The aim of the Waterstones Children’s Laureateship is to celebrate and promote creativity, storytelling and inspiring all children to read a rich and diverse range of stories. The Laureateship also promotes the importance of children’s books, reading and champions the right of every child to enjoy a life rich in books and stories. The post stemmed from a discussion between the (now deceased) Poet Laureate Ted Hughes and children's writer Michael Morpurgo. The Waterstones Children's Laureate receives a £30,000 bursary and an inscribed silver medal.

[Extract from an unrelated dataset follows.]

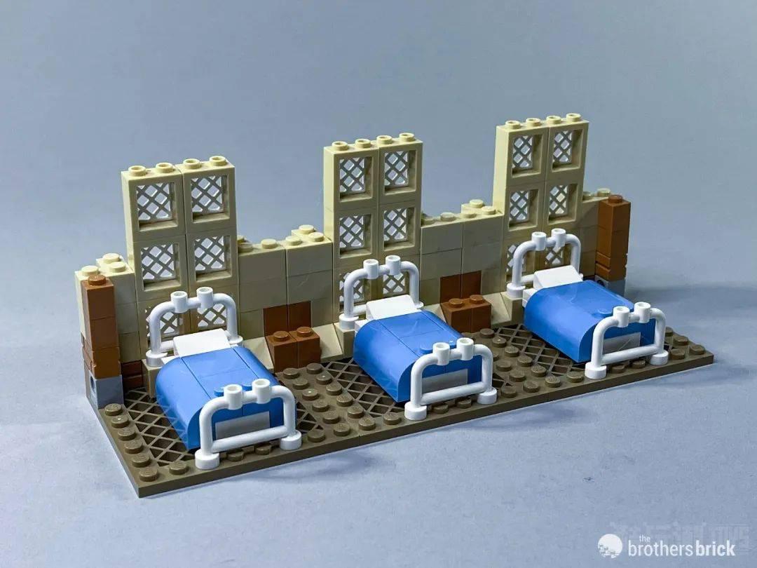 从这里开始,拼搭的重点是椽子结构和相对的外墙。其中一张贴纸是用来制作病人信息表的,庞弗雷夫人可以拿着它,但摆放在床脚看起来更好。同时,外侧使用拱门和钻头来制作城堡外部的石雕。在2019年之前的钟楼套装里,类似的床(中间有蓝色隔帘)出现在顶层,表明那里也是医院侧翼,但缺少其他细节。

The main sponsor of the Waterstones Children's Laureate is Waterstones, with additional funding from Arts Council England and support from children's publishers. A selection panel considers nominations from a range of organisations representing librarians and sellers, including the International Board on Books for Young People. The Waterstones Children's Laureate is managed by BookTrust, who supports the Laureate, organise events and run the official website.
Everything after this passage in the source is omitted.